Pregnancy after a loss..is completely different. If you feel you need the u/s then I second the suggestion that you schedule the first appt. for 7-8 weeks and try to get the u/s done then. At this appt. they aren't going to do anything you can't do at home (pee on a stick). I would wait and re-schedule.

I am less nervous this time...however still nervous. I am not sure if I will get an early u/s...,we aren't there yet..haven't even contacted any providers yet. We will see, as time goes on.
post #13 of 18
Thread Starter 
I went to the appointment today. I'm doing better than I though. The next apointment is August 16th, and they say I'll be able to hear the heartbeat then.
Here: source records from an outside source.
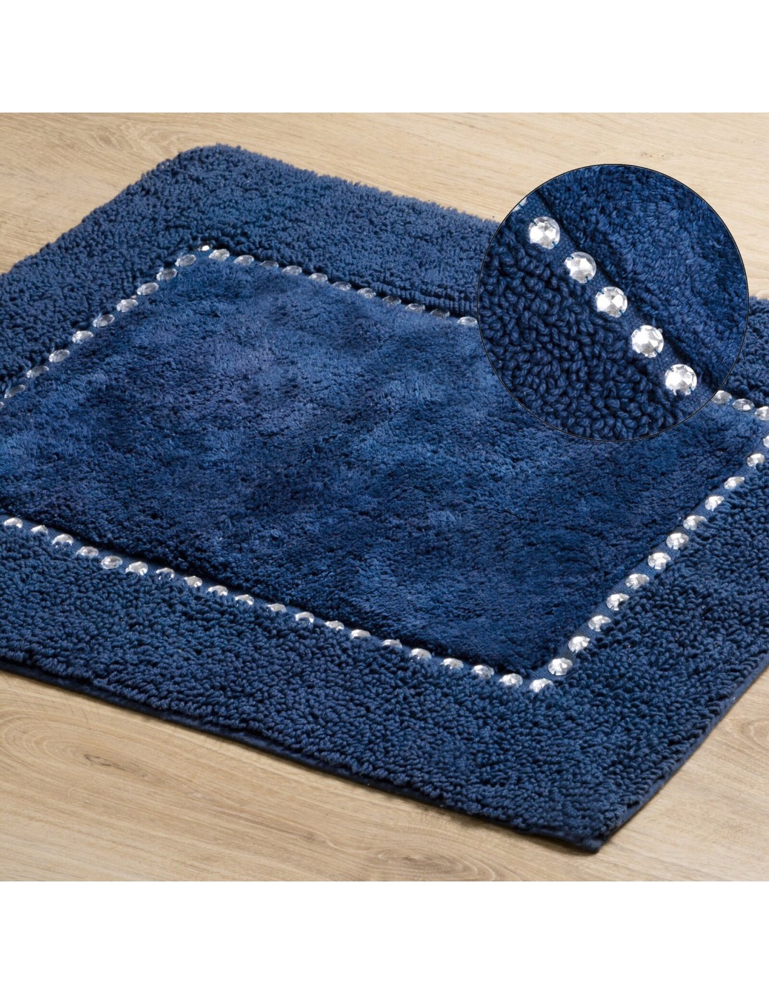Miękki i efektowny dywanik zdobiony kryształkami szerokość: 50 cm, długość: 70 cm, kolor: granatowy, Gramatura: 1800 GSM, Skład: 100% bawełna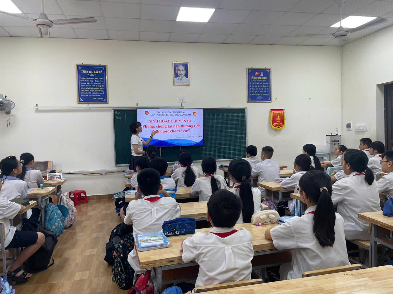 Nhằm trang bị cho các em học sinh những kiến thức, kỹ năng mềm để các em có thể tự bảo vệ mình; thực hiện đợt cao điểm tăng cường phòng chống đuối nước cho trẻ em và học sinh; sáng ngày 14/05/2025, các chi đội của trường Tiểu học Đằng Lâm tổ chức buổi tuyên truyền về phòng chống tai nạn thương tích và đuối nước cho học sinh. Đây là hoạt động được tổ chức có ý nghĩa vô cùng quan trọng, đúng vào dịp các em học sinh chuẩn bị bước vào mùa hè,trang bị kiến thức và kỹ năng cho các em học sinh để có một kỳ nghỉ an toàn, vui vẻ bên gia đình.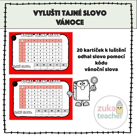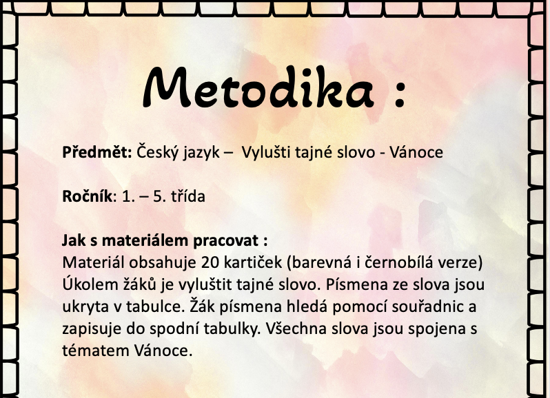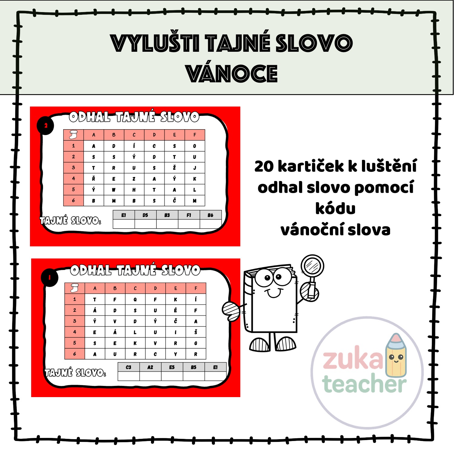 Úkolem žáků je vyluštit tajné slovo. Písmena ze slova jsou ukryta v tabulce. Žák písmena hledá pomocí souřadnic a zapisuje do spodní tabulky. Všechna slova jsou spojena s tématem Vánoce.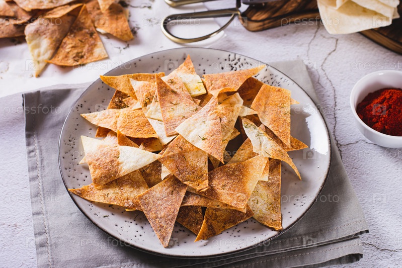 Острые чипсы с паприкой и укропом из тортильи на тарелке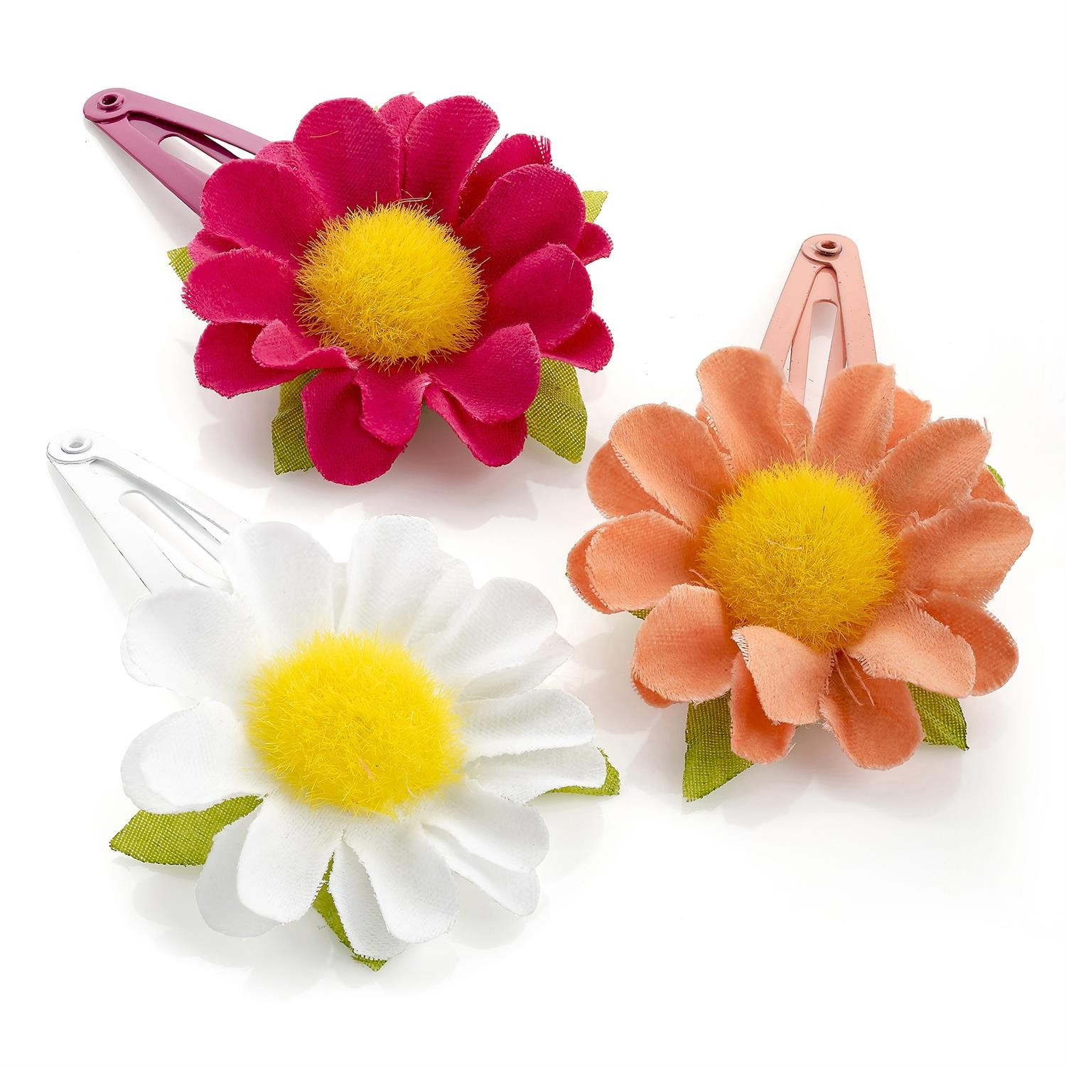 Summery three piece 7cm wide flower design snap clip set in fuchsia, white and peach colours. Part of our fashion hair accessories collection.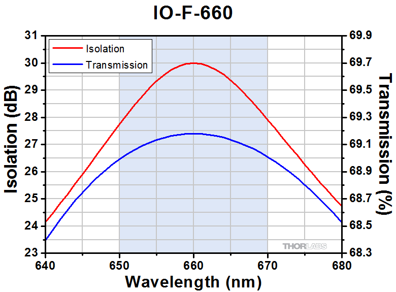 可視域用ファイバーアイソレーター、SMファイバー付き(650~670 nm)
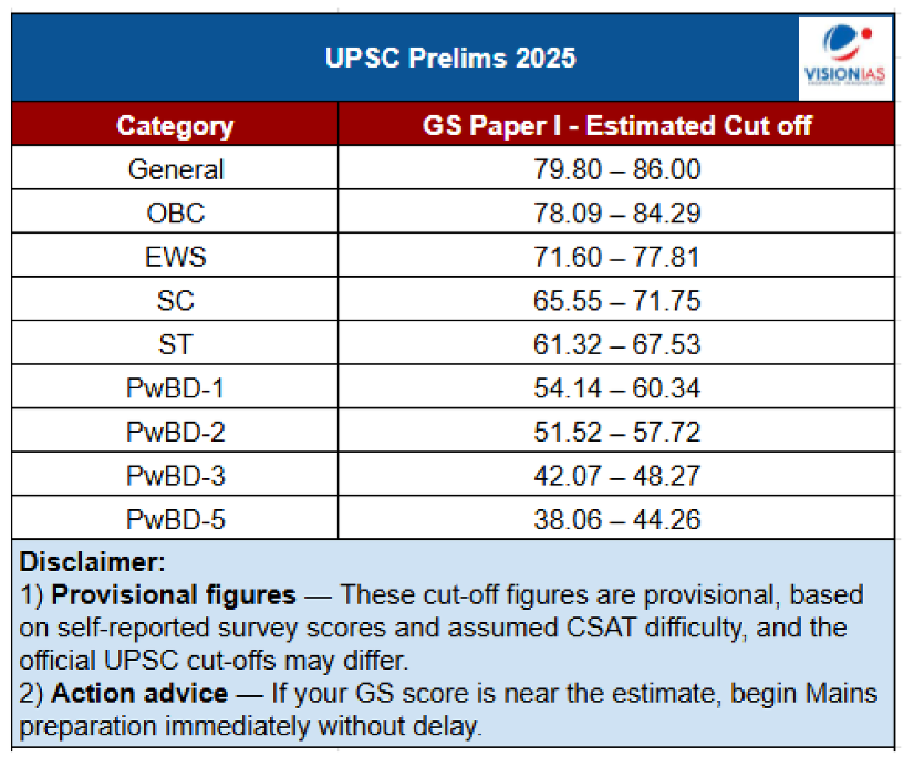 Disclaimer: It is important to note that any cut-off shared immediately after the exam is based on expert analysis and trends from previous years. It is not an official figure. The Union Public Service Commission (UPSC) releases the official cut-off only after the final result of the Civil Services Examination is declared. Therefore, while estimated cut-offs can serve as useful guidance, candidates should treat them as indicative, not definitive.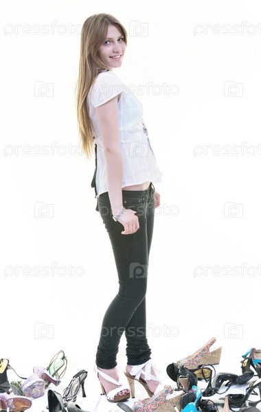 Портрет молодой девушки с обувью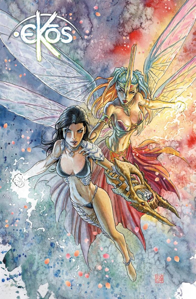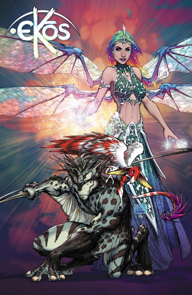 Ekos Volume 2, the second graphic novel in a brand new comic and entertainment universe inspired by the art and creations of legends Michael Turner & Geoff Johns and produced by Marvel Studios Founder David Maisel & Aspen Comics, is live now on Kickstarter! Anyone who backs the project in the first 72 hours of launch will receive limited bonus items including a special art print and a collector’s pin.
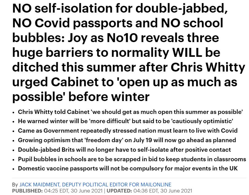 值得注意的是,对于7月19日解封,英国首席医疗官克里斯·惠蒂(ChrisWhitty )也十分支持,并表示“应该在今年夏天尽可能多地开放”。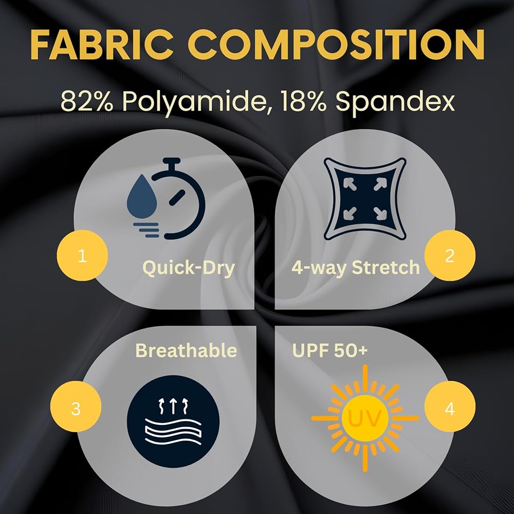 HYDROPHOBIC COATING & UPF 50+ PROTECTION: Lightweight breathable fabric with hydrophobic coating allows faster drying after swim training. UPF 50+ sun protection blocks harmful UV rays to prevent skin damage.
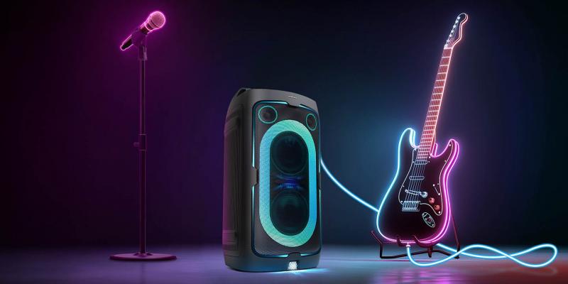 Turn your party into a jam session. Plug in two mics* — or a mic and a guitar — and get ready to sing, play and perform with friends. With the Sound Tower App, unlock special DJ effects so your playlist hits harder than ever.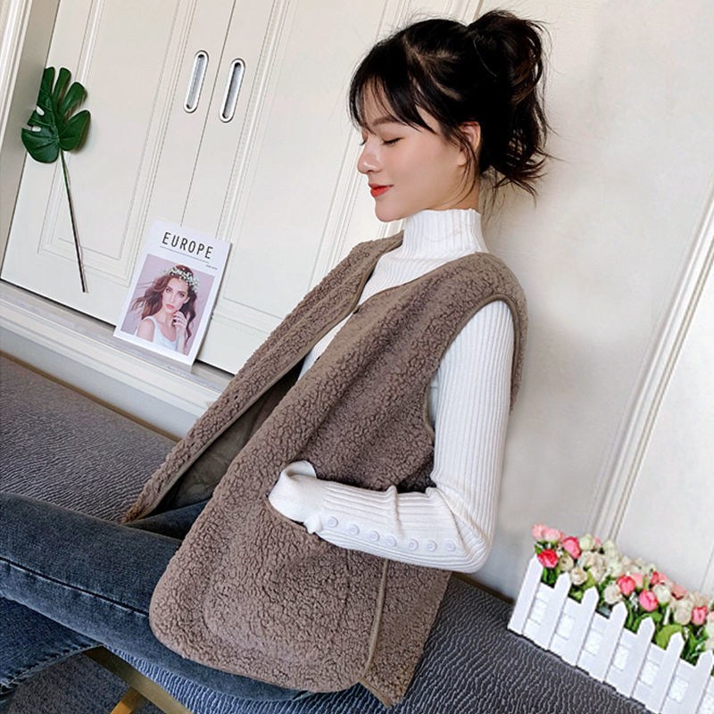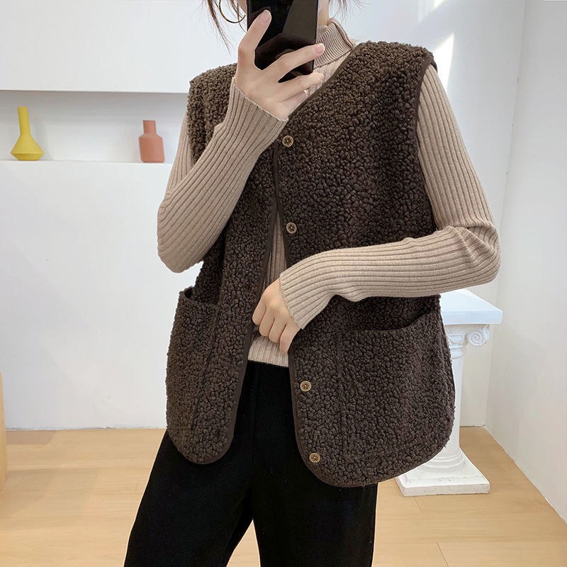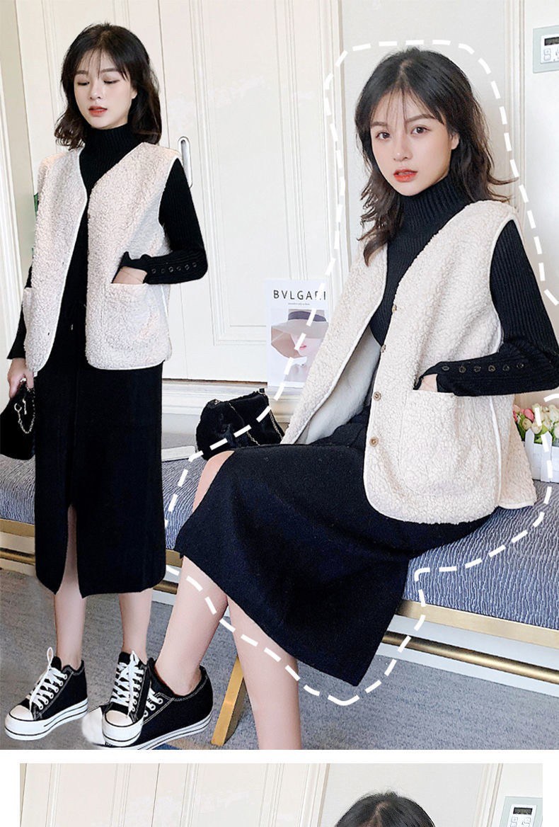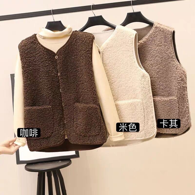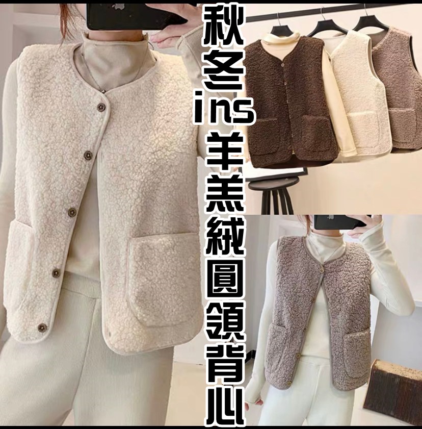 秋冬ins羊羔絨圓領背心

I really wish I coule get an early ultrasound, but they're so expensive, and our insurance isn't paying for anything.

I think I'm going to have a friend send me a box of dollar store sticks so I can test every few days/week until then. The line will fade if there's a problem, right?
post #14 of 18
Hugs.

Not in this DDC, but I wanted to respond.

My M/Ws said that in the event I become pregnant again, they will do whatever it takes to make me happy that the pregnancy is OK, early U/S, Betas etc., since I just had a miscarriage.

I think the reality is, you need to tell your provider how stressed you are, and have them work with you to reassure you all is well, remember, you are the client.

Yes, most pregnancies are normal.

But, I went in on that assumption and had a m/c at 10w. I'd rather know as soon as possible, and am going to ask for some sort of early testing etc., next time. For my sanity.

Hugs again, and happy and healthy 9 months!
post #15 of 18
I'm hoping to join this board in a few days - but trying not to get my hopes up. I just wanted to let you know, Gatherer Girl, that after I had been to an appointment with my first pregnancy (healthy, happy 5 year old dd now asleep upstairs!) I took a few more pregnany tests and I know 1 came up neg. It was probably a dud, but it freaked me out, so just be aware that that can happen and mean nothing! Just wanted you to know. Also, my midwives were never able to find a heartbeat (doppler only - I had 1 20 week ultrasound with both girls) before 11/12 weeks - they were never able to get one at the 8 week appointment. Two healthy pregnancies and two healthy baby girls though! Best wishes.
post #16 of 18
You generally can't hear the heartbeat until 12ish weeks anyway. We tried at 10w with my last pregnancy and couldn't.

Ultrasounds have been shown to cause damage to brain cells in utero, so you want as few as possible. I'm only getting the 20 week one this time. I had three with my daughter (one at 12w because we couldn't hear the heartbeat - tried too early and one at 20w and one at 29ish weeks - can't remember why I had that one).

Jenn
post #17 of 18
I definitely agree that pg is different after m/c. I'm playing the waiting game too after 4 losses, I'm due March 5th... It makes me batty.
post #18 of 18
I'm sorry hon. Can you ask them if you can come in more? We'll be getting an u/s at 7 and 10 weeks this time because of my history of m/c, and I could not imagine going that long without knowing if everything is ok.

and the line won't necessarily fade if there is a problem. Mine didn't fade until well after I'd started bleeding and had the d&c.